Housing is one of the great challenges of setting up in the UAE, and although you may receive a housing allowance from your employer, you’ll probably need to top it up from your own pocket to cover the rent or mortgage.
Looking for a home away from home can take time, and while searching for your dream property to either rent or buy you may want to consider staying in a cheap hotel.
Aside from the fancy hotels the UAE is famed for, there are plenty of budget options where visitors can rest their heads. In Dubai, Al Barsha is home to a number of decent, less spectacular but well-priced hotels, while in Bur Dubai and Deira you’ll find a number of places that offer good facilities and a central location. In Abu Dhabi, cheap hotels in areas such as Al Salam Street cost under Dhs.250 a night.
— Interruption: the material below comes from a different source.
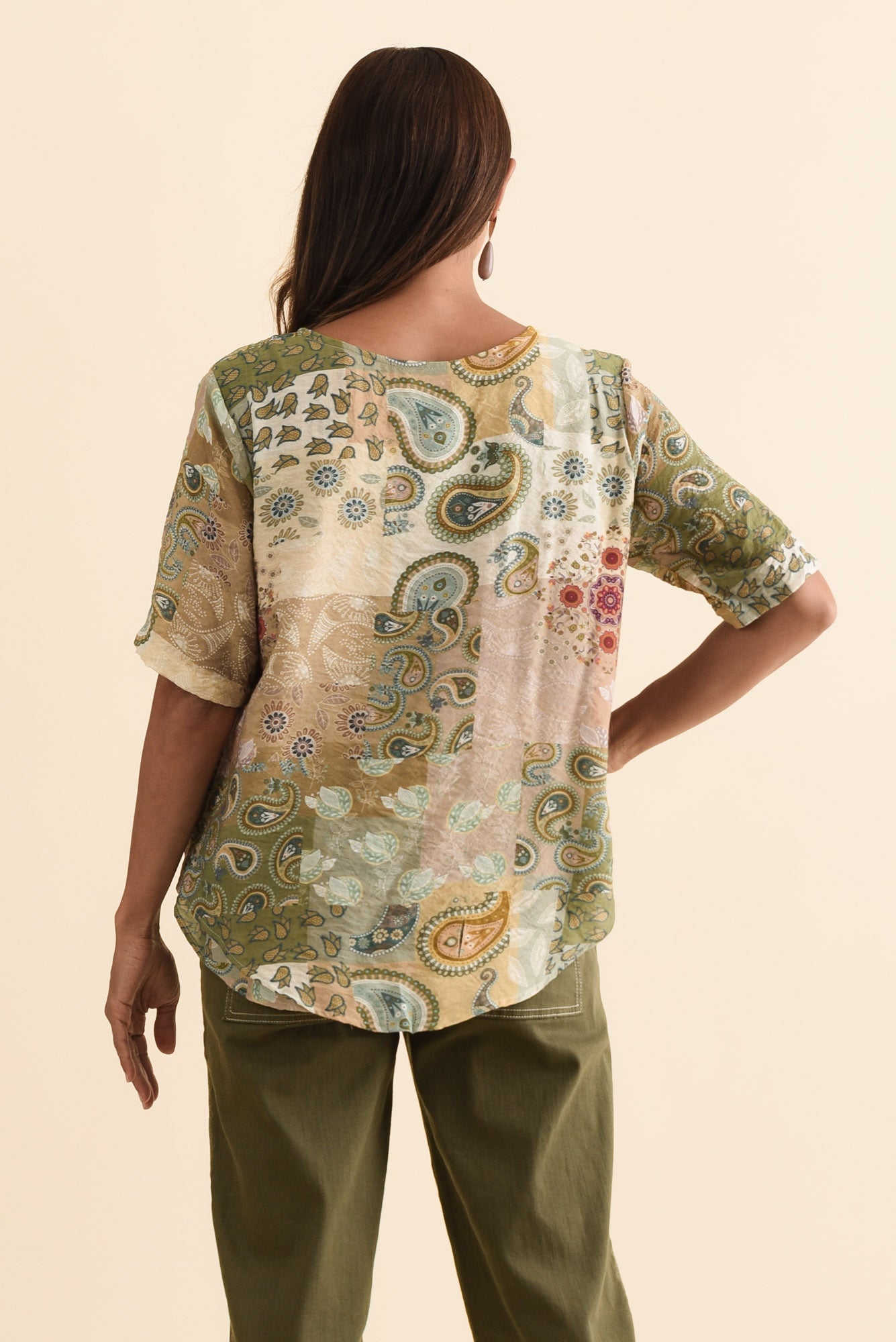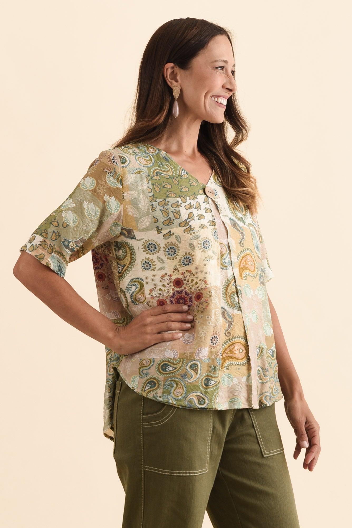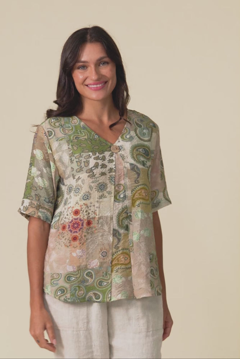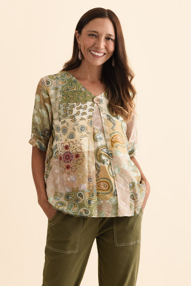 Yasmin Green Paisley Layered Button Top

Guest houses are becoming more popular and, while smaller in size, they offer a homely feel and are ideal for guests who want to see more of the ‘real UAE’. Located in residential areas, they won’t have access to private beaches, but there is no shortage of good public beaches to enjoy.
Hotel apartments are expensive, but ideal if you need temporary, furnished accommodation. They can be rented on a daily, weekly, monthly or yearly basis, and water and electricity are also included in the rent.
ADCB offers personal loans to Emiratis and expats to help cover the cost of renting.
With a UAE residence visa you can rent a home in any emirate – and the country isn't short of interesting places to live, with the options growing all of the time.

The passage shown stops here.